Exactly the lines below, starting with the one containing "फोटो कैप्सन–हर घर" and going on through the one containing "Eine Herausforderung für", must be reproduced, both ends included, and no pictures with them.
[Recorded data Boundary: Start]
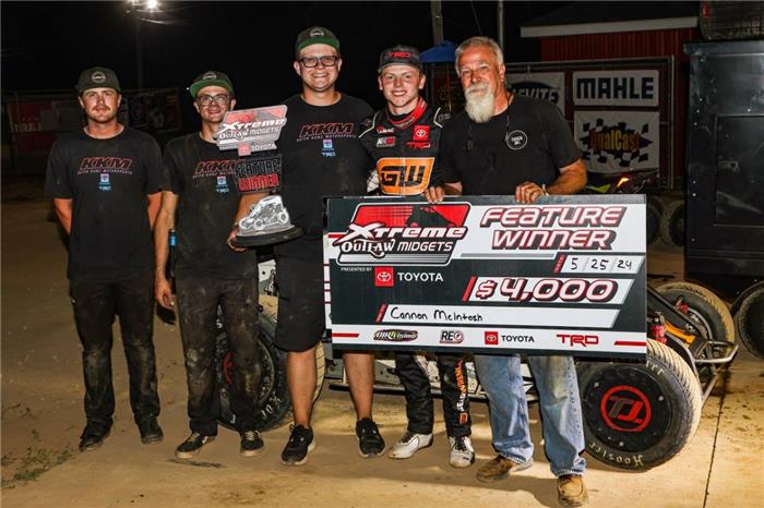 McIntosh, 21, of Bixby, OK, took to the high-banked, 3/8-mile oval of Atomic Speedway and put on a clinic for 25 laps, leading flag-to-flag for his third win of the season with the Xtreme Outlaw Midget Series presented by Toyota.
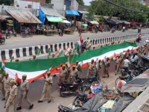 फोटो कैप्सन–हर घर तिरंगा अभियान के तहत कस्बा में निकलती होमगार्ड बल द्वारा निकाली गई विशाल तिरंगा यात्रा।
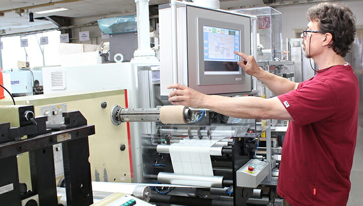 Eine Herausforderung für Interket war der variable Einsatz an verschiedenen Flexodruckmaschinen. Dies wurde möglich durch eine gute Aggregatverwaltung in CERM (ERP Software für die Etikettenindustrie) und durch ein am Fußboden eingearbeitetes Vorrichtungssystem, durch das der Kleinroller, aber auch alle anderen Inline-Aggregate, flexibel an fast allen Maschinen installierbar ist.
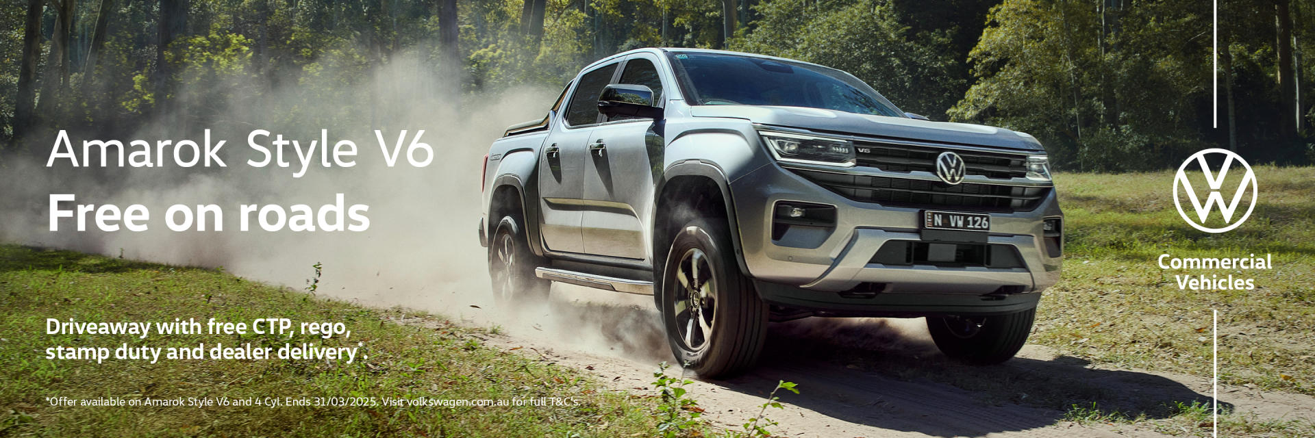 Free On-road Costs Offer is available on new and demo MY23 & MY 24 Amarok Style V6 & 4 Cyl vehicles purchased from 01/12/2024 and delivered by 30/04/2025. While stocks last. Private buyers only/Excludes Government, fleet and rental buyers. The offer includes standard on-road costs, such as registration, dealer delivery, CTP insurance and stamp duty. Free On-road Costs Offer will be awarded as a discount off the Manufacturer's Recommended Retail Price and is not transferrable or redeemable for cash. Available in conjunction with current finance comparison rate offer. Volkswagen Group Australia reserves the right to extend, withdraw, or change all offers.
[Recorded data Boundary: End]
**Exercise result:**
 फोटो कैप्सन–हर घर तिरंगा अभियान के तहत कस्बा में निकलती होमगार्ड बल द्वारा निकाली गई विशाल तिरंगा यात्रा।
 Eine Herausforderung für Interket war der variable Einsatz an verschiedenen Flexodruckmaschinen. Dies wurde möglich durch eine gute Aggregatverwaltung in CERM (ERP Software für die Etikettenindustrie) und durch ein am Fußboden eingearbeitetes Vorrichtungssystem, durch das der Kleinroller, aber auch alle anderen Inline-Aggregate, flexibel an fast allen Maschinen installierbar ist.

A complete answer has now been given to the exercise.